Micro LED mengacu pada teknologi yang menggunakan mikron-LED skala sebagai unit piksel yang memancarkan-cahaya dan merakitnya dengan modul penggerak untuk membentuk rangkaian tampilan-densitas tinggi. Dibandingkan dengan teknologi layar utama saat ini seperti LCD dan OLED, Micro LED memiliki keunggulan lintas-generasi dalam hal kecerahan, resolusi, konsumsi energi, masa pakai, kecepatan respons, dan stabilitas termal, dan merupakan produk berikutnya yang diakui secara internasional{ {4}}teknologi tampilan generasi.
Namun, industrialisasi Micro LED masih menghadapi banyak tantangan. Pertama, sulit untuk mencocokkan persyaratan mengemudi unit tampilan-densitas tinggi dalam ukuran kecil. Kedua, teknologi transfer massal yang populer di industri ini sulit untuk memenuhi kebutuhan pengembangan tampilan resolusi tinggi-dalam hal biaya dan hasil. Khusus untuk aplikasi resolusi ultra-tinggi-seperti AR/VR, tidak hanya resolusi yang diperlukan untuk melebihi 3000PPI, tetapi juga piksel tampilan harus memiliki frekuensi respons yang lebih cepat.
The cooperative team aimed at the field of high-resolution micro-display, and proposed a technical solution for the 3D monolithic integration of MoS2 thin-film transistor driver circuit and GaN-based Micro LED display chip. The team developed a non-"massive transfer" low-temperature monolithic heterogeneous integration technology, using a nearly non-destructive large-size two-dimensional semiconductor TFT manufacturing process, to achieve a high-brightness, high-resolution microdisplay of 1270 PPI, which can meet the needs of future microdisplays. Display, vehicle display, visible light communication and other cross-field applications.
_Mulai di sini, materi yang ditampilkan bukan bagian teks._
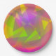 An interesting abstract composition. Geometric triangles and rectangles in colors from a cool sixties color scheme. Lime green, hot pink, royal purple, tangerine orange, and more. These shapes are tumbling around in every direction giving a sensation of motion and movement. A fun and psychedelic piece.
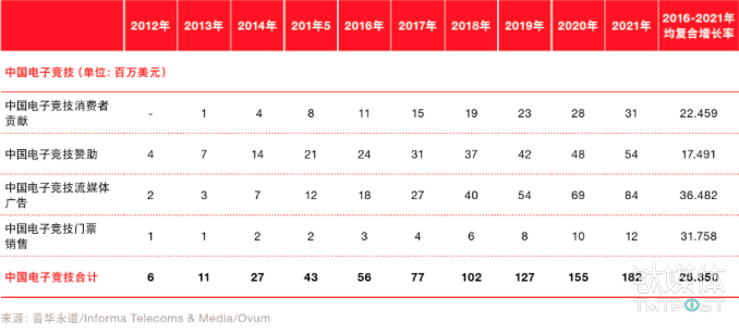 普華永道 2016 年- 2021 年中國(guó)娛樂及媒體市場(chǎng)展望指出,中國(guó)電子競(jìng)技門票在 2021 年銷售規(guī)模將高達(dá) 1200 萬美元,年均復(fù)合增長(zhǎng)率僅次于流媒體廣告為31.758%,消費(fèi)者的直接貢獻(xiàn)和企業(yè)贊助增長(zhǎng)表示亦不俗。
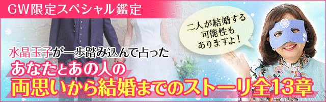 この度、月額公式サイト『水晶玉子 陰陽艶花占』にて『ゴールデンウィーク限定スペシャル鑑定』を公開いたします。この期間でしか見られない気になるあの人との未来を占います。この機会をどうぞお見逃しなく!
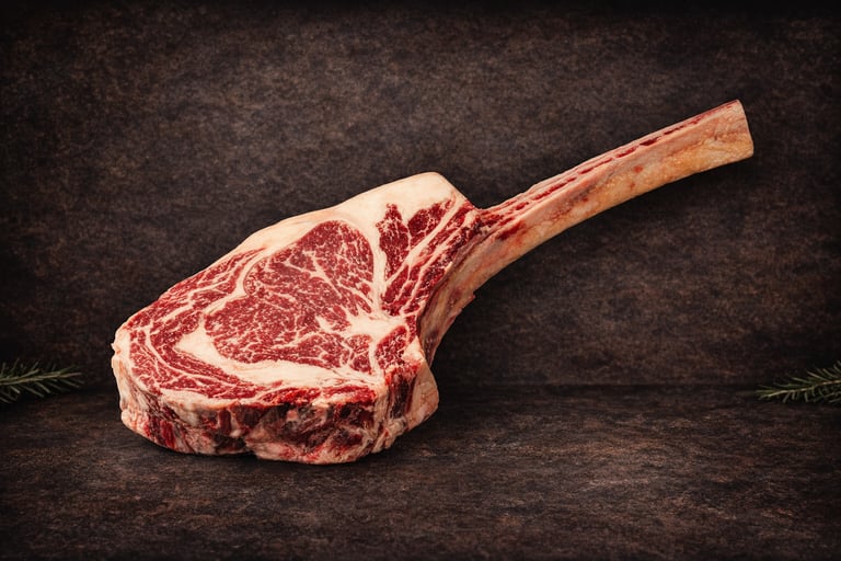 Taglio scenografico, osso lungo e carne ricca di struttura.
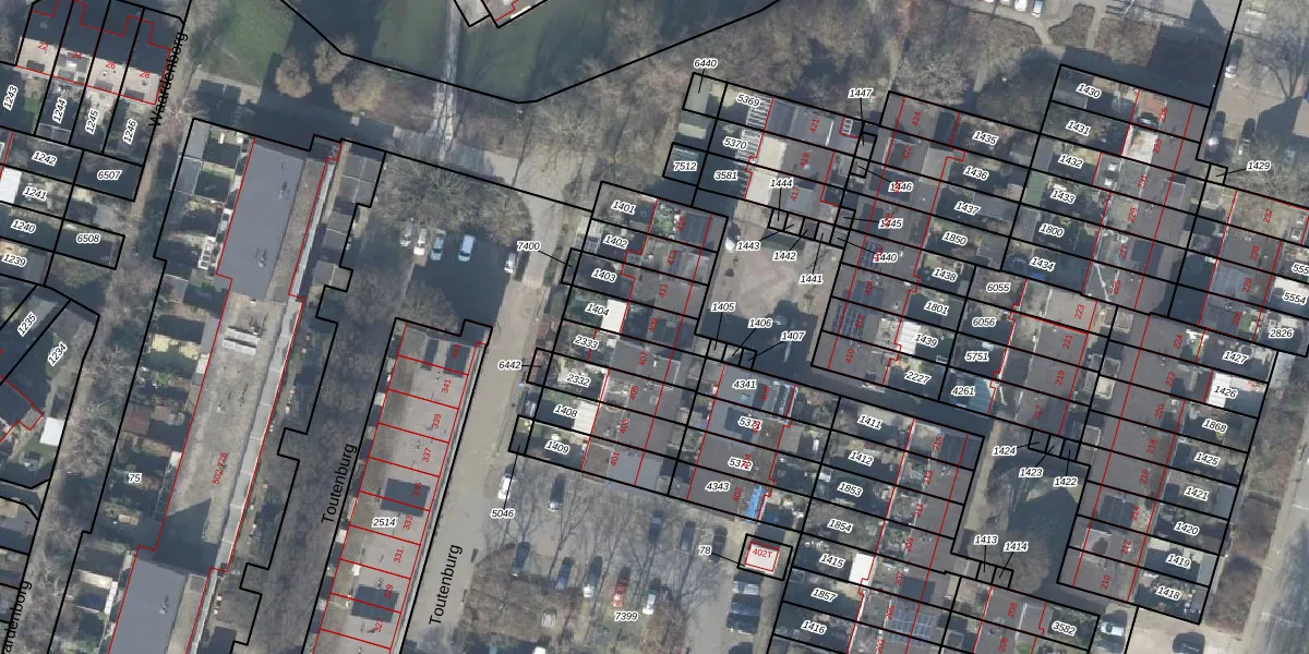 Toutenburg 409 is gelegen op kadastraal perceel DVT00L1404. Deze kadastrale aanduiding is uniek en wordt gebruikt door het Kadaster om eigendomsrechten en andere zakelijke rechten vast te leggen. Het perceel maakt onderdeel uit van de kadastrale gemeente Deventer.

Among them, compared with the traditional two-dimensional semiconductor device process, the new process developed by the team improves the performance of thin film transistors by more than 200 percent , reduces the difference by 67 percent , and the maximum driving current exceeds 200 μA/μm, which is better than IGZO, LTPS and other commercial materials. It shows the huge application potential of two-dimensional semiconductor materials in the display driving industry. This work is the first in the world to integrate two emerging technologies of high-performance two-dimensional semiconductor TFT and Micro LED, which provides a new technical route for the future development of Micro LED display technology.
The above works are respectively named "Epitaxial growth of wafer-scale molybdenum disulfide semiconductor single crystals on sapphire" (corresponding authors are Prof. Wang Xinran and Prof. Wang Jinlan of Southeast University) and "Three dimensional monolithic Micro LED display driven by atomically-thin transistor matrix" (corresponding authors). It was published online in Nature Nanotechnology recently.
This series of work has been supported by projects such as Jiangsu Province's Frontier Leading Technology Basic Research Project, the National Natural Science Foundation of China, and the National Key RD Program. Changchun Institute of Optics and Mechanics, Chinese Academy of Sciences, Tianma Microelectronics Co., Ltd., Nanjing Huanxuan Semiconductor Co., Ltd., etc.